▶ _WHAT IS REQUIRED_: A single stretch of the material below is to be transcribed exactly, starting at the line with "Подаём рис с" and ending after the line with "А на этой неделе".

▶ _PROVIDED MATERIAL_:
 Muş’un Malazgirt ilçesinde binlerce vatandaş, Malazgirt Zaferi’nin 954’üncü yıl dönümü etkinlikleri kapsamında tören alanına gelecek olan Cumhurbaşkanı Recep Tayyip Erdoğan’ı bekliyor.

---

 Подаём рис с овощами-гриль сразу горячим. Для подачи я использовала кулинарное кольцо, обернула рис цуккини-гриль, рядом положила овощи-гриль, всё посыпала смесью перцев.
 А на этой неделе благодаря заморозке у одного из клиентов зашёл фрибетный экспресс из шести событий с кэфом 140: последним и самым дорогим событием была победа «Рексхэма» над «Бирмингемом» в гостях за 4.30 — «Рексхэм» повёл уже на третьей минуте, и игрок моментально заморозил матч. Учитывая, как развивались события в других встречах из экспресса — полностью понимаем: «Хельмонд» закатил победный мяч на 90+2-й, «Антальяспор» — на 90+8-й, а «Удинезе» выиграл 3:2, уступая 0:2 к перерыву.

▶ _WRITTEN SOLUTION_:
 Подаём рис с овощами-гриль сразу горячим. Для подачи я использовала кулинарное кольцо, обернула рис цуккини-гриль, рядом положила овощи-гриль, всё посыпала смесью перцев.
 А на этой неделе благодаря заморозке у одного из клиентов зашёл фрибетный экспресс из шести событий с кэфом 140: последним и самым дорогим событием была победа «Рексхэма» над «Бирмингемом» в гостях за 4.30 — «Рексхэм» повёл уже на третьей минуте, и игрок моментально заморозил матч. Учитывая, как развивались события в других встречах из экспресса — полностью понимаем: «Хельмонд» закатил победный мяч на 90+2-й, «Антальяспор» — на 90+8-й, а «Удинезе» выиграл 3:2, уступая 0:2 к перерыву.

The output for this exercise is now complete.